Epstein-Barr virus (EBV)-encoded BARF1 (BamH1-A Rightward Frame-1) is expressed in EBV-positive malignancies such as nasopharyngeal carcinoma, EBV-associated gastric cancer, B-cell lymphoma and nasal NK/T-cell lymphoma, and has been shown to have an important role in oncogenesis. However, the mechanism by which BARF1 elicits its biological effects is unclear. We investigated the effects of BARF1 silencing on cell proliferation and apoptosis in EBV-positive malignant cells. We observed that BARF1 silencing significantly inhibits cell proliferation and induces apoptosis-mediated cell death by collapsing the mitochondrial membrane potential in AG876 and Hone-Akata cells. BARF1 knockdown up-regulates the expression of pro-apoptotic proteins and downregulates the expression of anti-apoptotic proteins. In BARF1-down-regulated cells, the Bcl-2/BAX ratio is decreased. The caspase inhibitor z-VAD-fmk was found to rescue siBARF1-induced apoptosis in these cells. Immunoblot analysis showed significant increased levels of cleaved caspase 3 and caspase 9. We observed a significant increase in cytochrome c level as well as the formation of apoptosome complex in BARF1-silenced cells.

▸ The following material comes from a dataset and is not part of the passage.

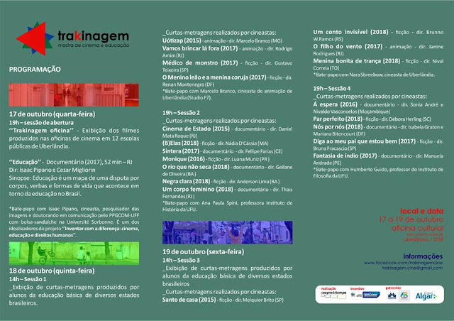 A cineasta maranhense Nádia de Cássia, que também é atriz e preparadora de elenco, busca auxílio financeiro para participar na Mostra Trakinagem de Cinema e Educação e custear suas despesas com viagem, alimentação e hospedagem. A mostra será realizada nos dias 17, 18 e 19 de outubro em Uberlândia – Minas Gerais.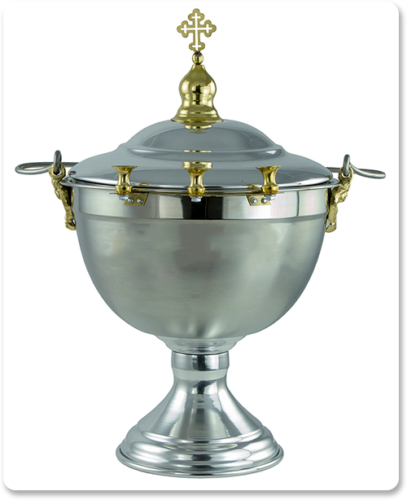 Небольшая купель необходима, чтобы совершать Таинство Крещения. Для Рождественского храма выбрали скромный, но достойный вариант из латуни и пищевой нержавеющей стали, безопасной для здоровья младенцев.

In conclusion, siRNA-mediated BARF1 down-regulation induces caspase-dependent apoptosis via the mitochondrial pathway through modulation of Bcl-2/BAX ratio in AG876 and Hone-Akata cells. Targeting BARF1 using siRNA has the potential to be developed as a novel therapeutic strategy in the treatment of EBV-associated malignancies.